§ **Task item**:
Give back the listing in full and exactly, leaving out the images.
==== Supplied material ====
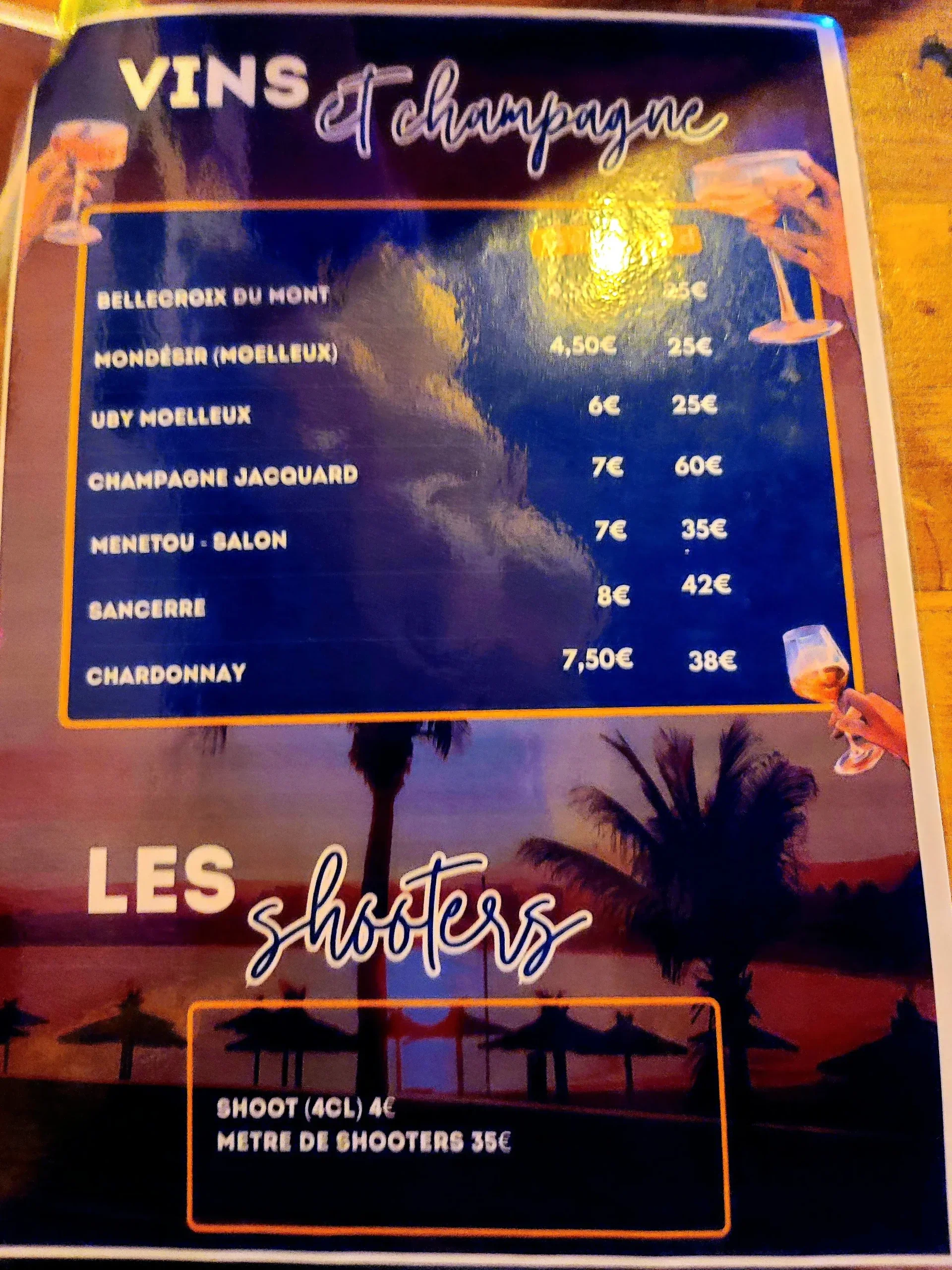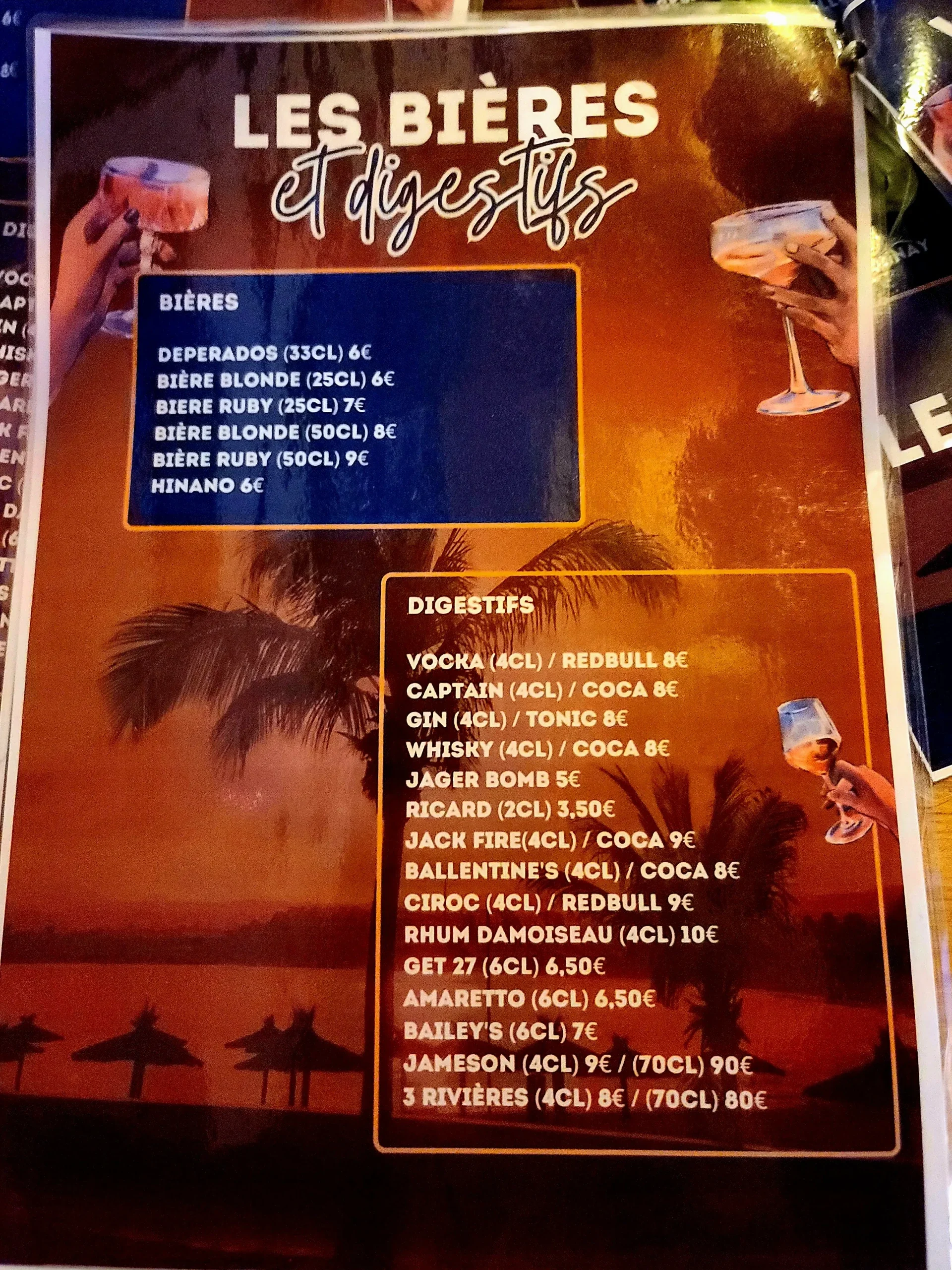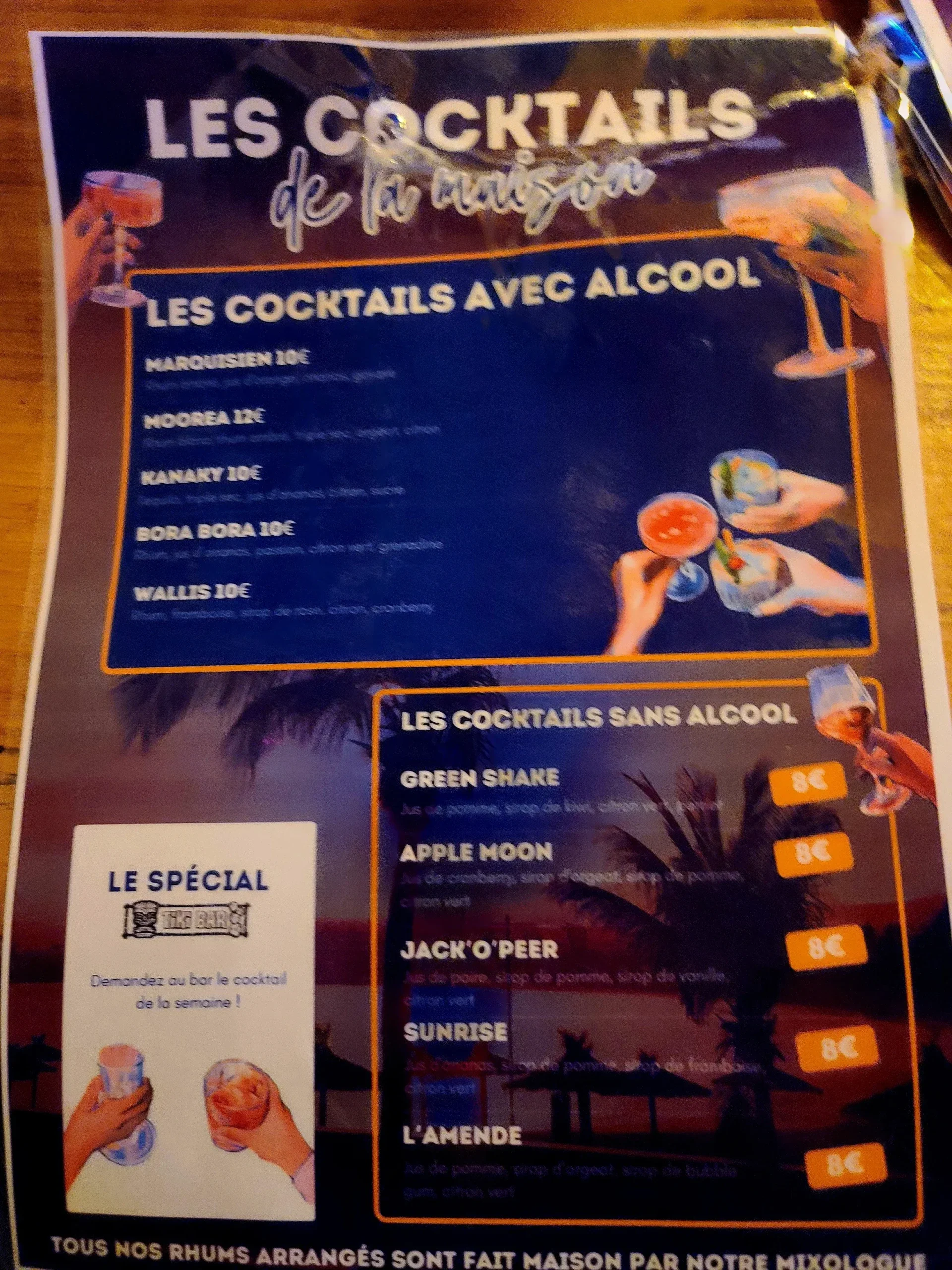 Le bar offre également une touche unique avec ses rhums arrangés faits maison, ainsi que le fameux "Spéciale" où il vous suffit de demander au bar pour découvrir le cocktail de la semaine. L’offre du Tiki Bar ne se limite pas qu’aux cocktails : vous trouverez aussi une sélection de bières, de digestifs, de shooters, ainsi que des vins et des champagnes pour compléter votre expérience.
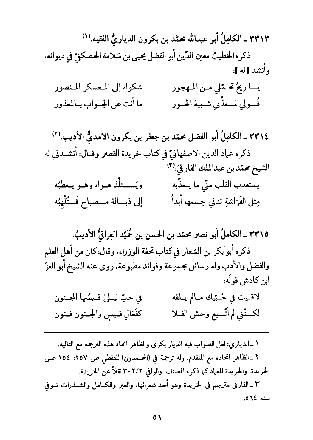 (¬3) الفارقي مترجم في الخريدة وهو أحد شعرائها، والعبر والكامل والشذرات توفي سنة 564.
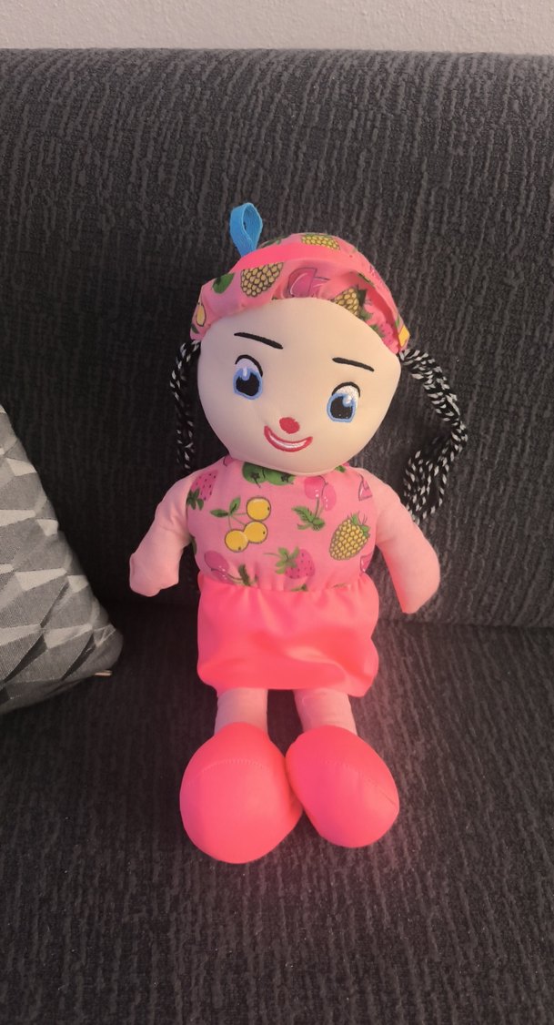 Meyve desenli pembe kıyafet ve eşarp takan, örgülü saçlı ve gülen yüzlü renkli oyuncak bebek.
====
§ **Task result**:
 Le bar offre également une touche unique avec ses rhums arrangés faits maison, ainsi que le fameux "Spéciale" où il vous suffit de demander au bar pour découvrir le cocktail de la semaine. L’offre du Tiki Bar ne se limite pas qu’aux cocktails : vous trouverez aussi une sélection de bières, de digestifs, de shooters, ainsi que des vins et des champagnes pour compléter votre expérience.
 (¬3) الفارقي مترجم في الخريدة وهو أحد شعرائها، والعبر والكامل والشذرات توفي سنة 564.
 Meyve desenli pembe kıyafet ve eşarp takan, örgülü saçlı ve gülen yüzlü renkli oyuncak bebek.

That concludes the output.